Fui até o caixa e a moça me perguntou quem estava me atendendo. Respondi que ninguém (porque o moço, mesmo vendo que eu insistia na loja, não me ajudou). Ela reclamou com outra moça do caixa: “Três brigando para atender e a moça sozinha”. Ao pagar, ela insistiu “ninguém viu você entrar na loja?”. Respondi que uma pessoa começara a me atender, mas que havia feito isso muito mal. Não disse quem foi, mesmo com o argumento de que ela gostaria de melhorar o atendimento da loja. Não acho que acusar o vendedor pela falta de tato resolveria o problema, que foi falta de treinamento dos temporários. A loja estava, de fato, com muitos vendedores: a maioria perdida e atrapalhada em meio aos diversos produtos que com um tombo quebrariam (o que também aconteceu durante minha compra). Quantidade de vendedores definitivamente não significa qualidade de atendimento.

Cliente espião

Quando caminho pelas ruas ou pelos corredores de um shopping, costumo bancar o cliente espião. Entro nas lojas para perguntar preços, condições de pagamentos e, assim, analisar o atendimento, fator essencial para o sucesso de qualquer negócio.
O teste é suficiente para perceber que muitos estabelecimentos vendem bem menos do que seu potencial porque têm na linha de frente pessoas despreparadas e com má vontade para atender – o problema pode estar no esquema de comissões, mas quem tem que resolver não é o consumidor.
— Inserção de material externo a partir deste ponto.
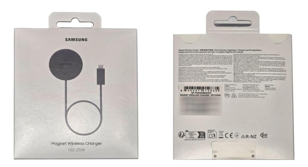 Şarj cihazının bir ucunda USB Type-C girişi, diğer ucunda ise dairesel manyetik kablosuz şarj diski bulunuyor. Kablo, naylon örgülü bir yapıya sahip görünüyor. Samsung, bu cihazın 45W'lık bir USB Power Delivery şarj adaptörü ile eşleştirilmesini öneriyor. Tasarım olarak Apple da dahil olmak üzere diğer markaların Qi2 kablosuz şarj disklerine oldukça benziyor.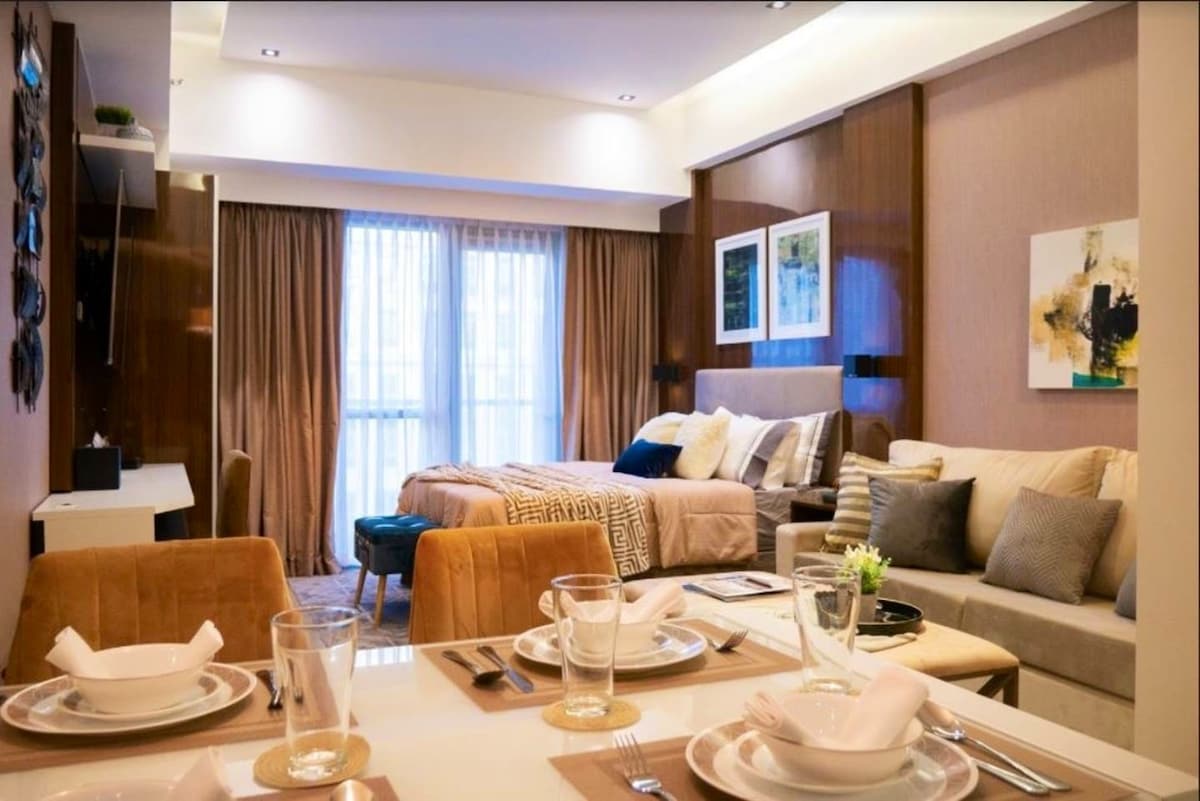 Le taobh istigh úr spreagtha trópaiceach, cuireann an t - aonad 1BR seo in One Uptown Residences ag Bonifacio Global City fanacht speisialta suaimhneach ar fáil d'aíonna. * WI - FI 400MBPS SAOR IN AISCE, Teilifís Chliste, Cábla, Netflix, Disney+ *Meaisín níocháin & triomadóir *Linn Snámha * Cistin lánfheistithe le sorn, cuisneoir, micreathonnán, déantóir caife, tóstaer, earraí cócaireachta & bia. Lonnaithe díreach trasna Uptown Mall, The Palace, Mitsukoshi Mall, agus Grand Hyatt Hotel. Siúlóid 7 -10 nóiméad go dtí Ionad Leighis Naomh Lúcás agus an tSráid Ard in BGC.

Nada mais irritante do que o vendedor que atende o cliente e ao mesmo tempo se dirige ao colega do lado, continuando um assunto pessoal que os dois já estavam discutindo, só para citar um exemplo. Dificilmente volto a um estabelecimento como esse, mesmo que precise realmente comprar algo que é vendido ali. Em compensação, confesso que nessas andanças chego a fazer compras, ainda que não tenha planejado, simplesmente porque o vendedor me “fisgou” com um papo convincente, boa vontade e profissionalismo. E ainda viro cliente. Por isso, quando as pessoas que sonham em empreender me perguntam que tipo de negócio dá dinheiro, eu costumo responder: “os que, antes de mais nada, oferecem bom atendimento.” Simples assim.